Figure 3. Synergistic Increases in SOD1 Aggregation Propensity and Increases of Instability Are Associated with Decreases in Survival for fALS Patients (Data Weighted by the Number of Patients)

(A) An increase in aggregation propensity is associated with a decrease in fALS patient survival. Single point mutations of SOD1 found in fALS patients with corresponding reported stability values in (B) were considered. Aggregation propensities for each fALS mutation were calculated using the Chiti–Dobson equation, normalized such that 0 represents the least and 1 represents the most aggregation prone proteins, and the corresponding disease duration (survival) was plotted versus this value. (B) An increase in SOD1 instability is associated with severe disease. All instability values of apo SOD1 reported in the literature were normalized such that 0 represents the most and 1 represents the least stable proteins, and corresponding disease durations were plotted versus these values. (C) Increase in SOD1 aggregation propensity and gain of instability synergistically decrease patient survival. Normalized aggregation propensity in (A) and instability in (B) were summed and normalized to the range from 0 to 1, and patient survival was plotted versus this value. The data used in these three graphs (disease durations from 580 patients with 28 different fALS-causing SOD1 mutations with reported stability values) were weighted based on the number of patients for each mutation using SPSS version 15.0. Note that the correlation between the size of each data point and the number of patients for (A–C) is shown as an inset in (C).

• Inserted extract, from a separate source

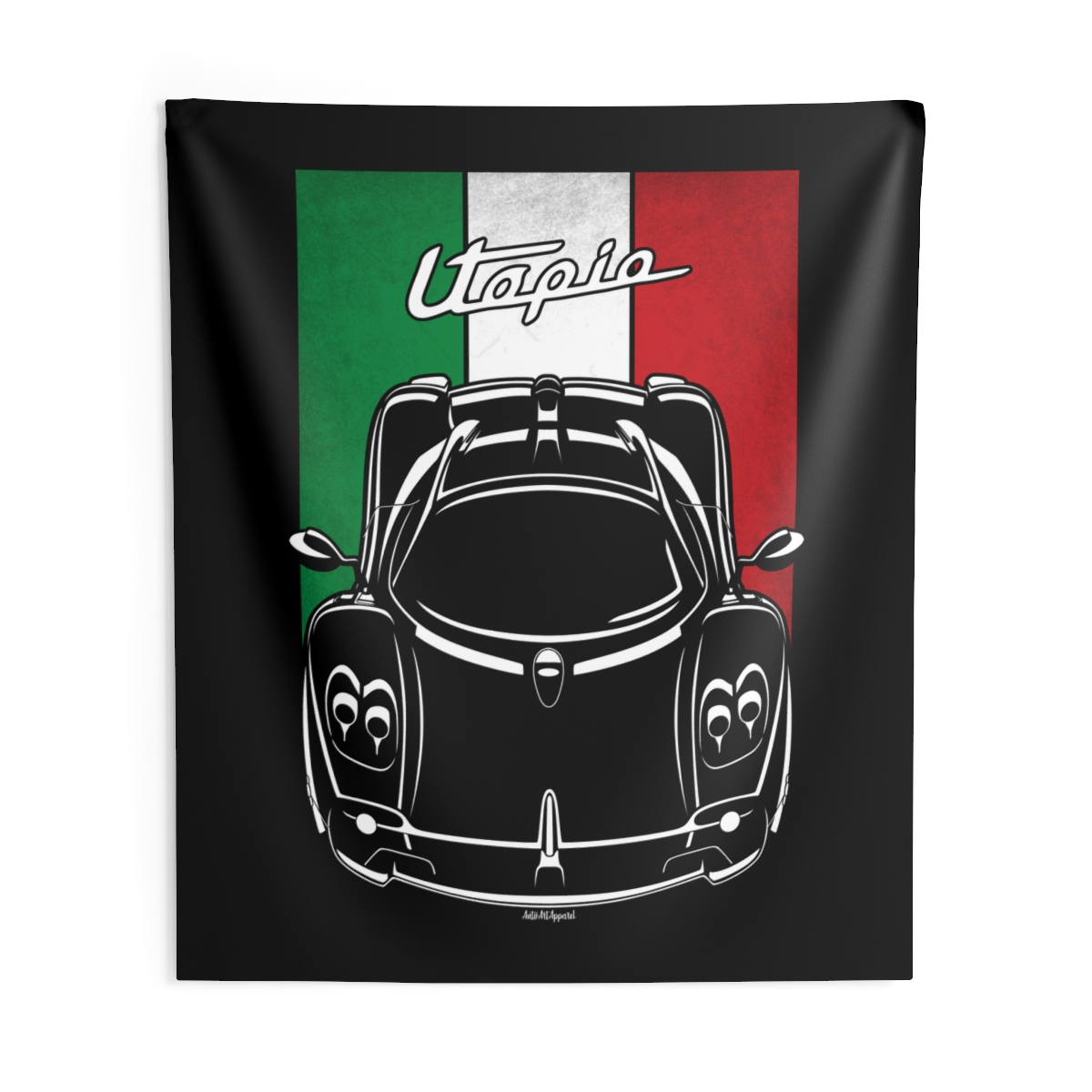 The Pagani Utopia commands attention on the road, and now it can do the same on your wall. This tapestry transforms garages, studios, and living spaces with a bold yet clean automotive presence. The flag version adds a subtle heritage accent that enhances the overall impact. A standout Pagani Utopia tapestry gift for true car enthusiasts.

Figure 4. Synergistic Increases in SOD1 Aggregation Propensity and Losses of Thermodynamic Stability Are Associated with Decreased Survival of fALS Patients (Using Unweighted Data)

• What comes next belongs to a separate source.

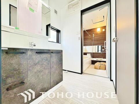 身だしなみのチェックがしやすい大きな鏡、下には収納がたっぷり。スッキリとした空間を演出いたします。
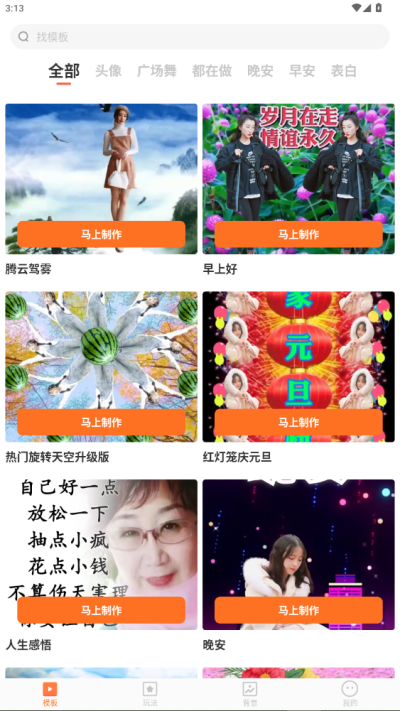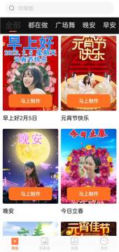 1、海量模板一键生成:拥有上万款覆盖多场景的视频模板,无论是广场舞视频、早安晚安问候视频,还是表白视频、形象照视频,用户只需选择心仪模板,点击 “一键制作” 即可快速生成完整视频,无需手动剪辑、配乐、添加特效,极大降低制作门槛,节省时间成本。

(A) An increase in aggregation propensity is associated with decreased fALS patient survival. Single point mutations found in fALS patients with corresponding reported thermodynamic stabilities in (B) were considered. (B) A loss of SOD1 thermodynamic stability is associated with severe disease. (C) Increase in SOD1 aggregation propensity and gain of instability synergistically decrease patient survival. The data used in these three graphs (disease durations from 580 patients with 28 different fALS-causing SOD1 mutations with reported stability values) were treated equally regardless of the number of patients using the software SigmaPlot 9.0 (Systat Software, Inc.). SPSS 15.0 also was used on this analysis, and identical results were obtained.

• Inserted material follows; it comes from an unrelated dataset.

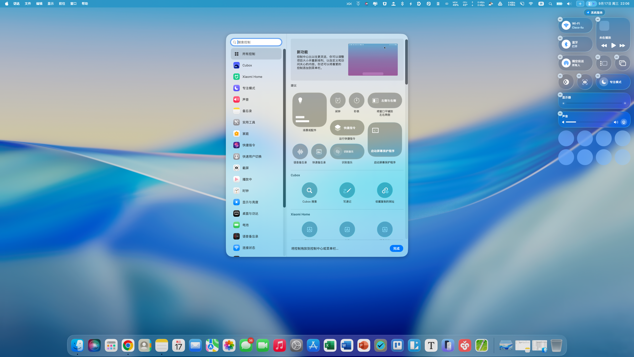 当我们点击右上角的控制中心、网络或音量图标时,弹出的控制面板同样呈现出这种视觉风格,仿佛一块块晶莹剔透的「玻璃」贴合在屏幕之上,整体观感更加通透、现代。

Figure 5. Correlation between Measures of Stability, Specifically Normalized ΔT _m and ΔΔG, Reported from Different Groups for Apo SOD1 Variants

The variants with both measured ΔT _m and ΔΔG were plotted, and a good correlation between normalized ΔT _m and normalized ΔΔG was observed. This correlation provides the rationale for averaging ΔT _m and ΔΔG and taking the average value as an indicator for stability of fALS-related variants. The normalized ΔT _m and ΔΔG were obtained as described in the Materials and Methods section.